Theorem 2 Suppose ${G: \{ 0,1 \}^n \rightarrow \{ 0,1 \}^{2n}}$ is a ${(t,\epsilon)}$ pseudorandom generator and ${G}$ is computable in time ${t_g}$. Fix a constant ${l}$ and define ${F_K:\{ 0,1 \}^l \rightarrow \{ 0,1 \}^n}$ as ${F_K (y) := G_{y_l} (G_{y_{l-1}} ( \cdots G_{y_2} ( G_{y_1} (K) ) \cdots ))}$ Then ${\overline{G}:\{ 0,1 \}^n \rightarrow \{ 0,1 \}^{2^l\cdot n}}$ defined as

$\displaystyle \overline{G}(K) := (F_K(0^l), F_K(0^{l-1}1), \ldots, F_K(1^l))$

is a ${(t - O(2^{l}\cdot t_g), l \cdot 2^l \cdot \epsilon)}$ pseudorandom generator.

Proof: The proof is again by a hybrid argument. The hybrids we consider are easier to describe in terms of the tree with nodes as copies of ${G}$. We take ${H_i}$ to be the distribution of outputs at the leaves, when the input to the nodes at depth ${i}$ is replaced by truly random bits, ignoring the nodes at depth ${i-1}$. Hence, ${H_0}$ is simply distributed as ${\overline{G}(K)}$ for a random ${K}$ i.e. only the input to the root is random. Also, in ${H_l}$ we replace the outputs at depth ${l-1}$ by truly random strings. Hence, ${H_l}$ is simply distributed as a random string of length ${n \cdot 2^l}$. The figure below shows the hybrids for the case ${l=2}$, with red color indicating true randomness.
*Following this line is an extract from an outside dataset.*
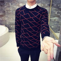 莞馨(wanxin)新款秋季男士毛衣韩版圆领套头针织衫青少年新款线衣潮流男装格子毛衫
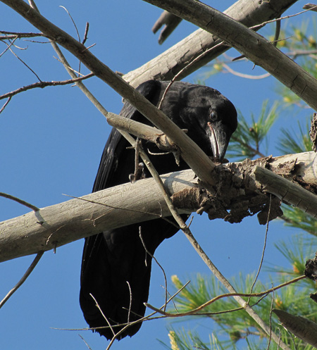 The raven is a personal favourite of mine. Steeped in lore amongst cultures around the globe, they are perhaps the most intelligent of all bird species and their remarkable behaviours can be witnessed throughout the year. A group of recently fledged Common Ravens (Corvus corax) were discovered in a stand of pine on the west side of Clearwater Lake last week. There was no sign of a nest in the treetops but there was a steep cliff on the opposite side of the lake, which may have supported a nesting pair. The youngsters were quite entertaining to watch and they allowed my approach for some decent photos and a better view. In between bouts of raucous calls and chatter to its siblings, this one concentrated on deftly breaking off and strutting around with twigs.

We will prove that ${\overline{G}}$ is not a ${(t, \epsilon)}$ secure pseudorandom generator, then ${G}$ is not ${(t + O(2^{l}\cdot t_g), \epsilon/(l \cdot 2^l))}$ secure. If we assume that there is an algorithm ${D}$ of complexity ${t}$ such that

$\displaystyle \left\lvert\mathop{\mathbb P}_{x \sim \{ 0,1 \}^n}[D(\overline{G}(x)) = 1] - \mathop{\mathbb P}_{r \sim \{ 0,1 \}^{2^l\cdot n}}[D(r) = 1]\right\rvert ~>~ \epsilon$

then we get that there is an ${i}$ such that ${\left\lvert\mathop{\mathbb P}_{z \sim H_i}[D(z) = 1] - \mathop{\mathbb P}_{z \sim H_{i+1}}[D(z) = 1]\right\rvert ~>~ \epsilon/l}$.

We now consider again the difference between ${H_i}$ and ${H_{i+1}}$. In ${H_i}$ the ${2^i \cdot n}$ bits which are the inputs to the nodes at depth ${i}$ are replaced by random bits. These are then used to generate ${2^{i+1}\cdot n}$ bits which serve as inputs to nodes at depth ${i+1}$. In ${H_{i+1}}$, the inputs to nodes at depth ${i+1}$ are random.

Let ${\overline{G}_{i+1}:\{ 0,1 \}^{2^{i+1}\cdot n} \rightarrow \{ 0,1 \}^{2^l \cdot n}}$ denote the function which given ${2^{i+1} \cdot n}$ bits, treats them as inputs to the nodes at depth ${i+1}$ and evaluates the output at the leaves in the tree for ${\overline{G}}$. If ${r_1, \ldots, r_{2^i} \sim \{ 0,1 \}^{2n}}$, then ${\overline{G}_{i+1}(r_1, \ldots, r_{2^i})}$ is distributed as ${H_{i+1}}$. Also, if ${x_1, \ldots, x_{2^i} \sim \{ 0,1 \}^{n}}$, then ${\overline{G}_{i+1}(G(x_1), \ldots, G(x_{2^i}))}$ is distributed as ${H_{i}}$.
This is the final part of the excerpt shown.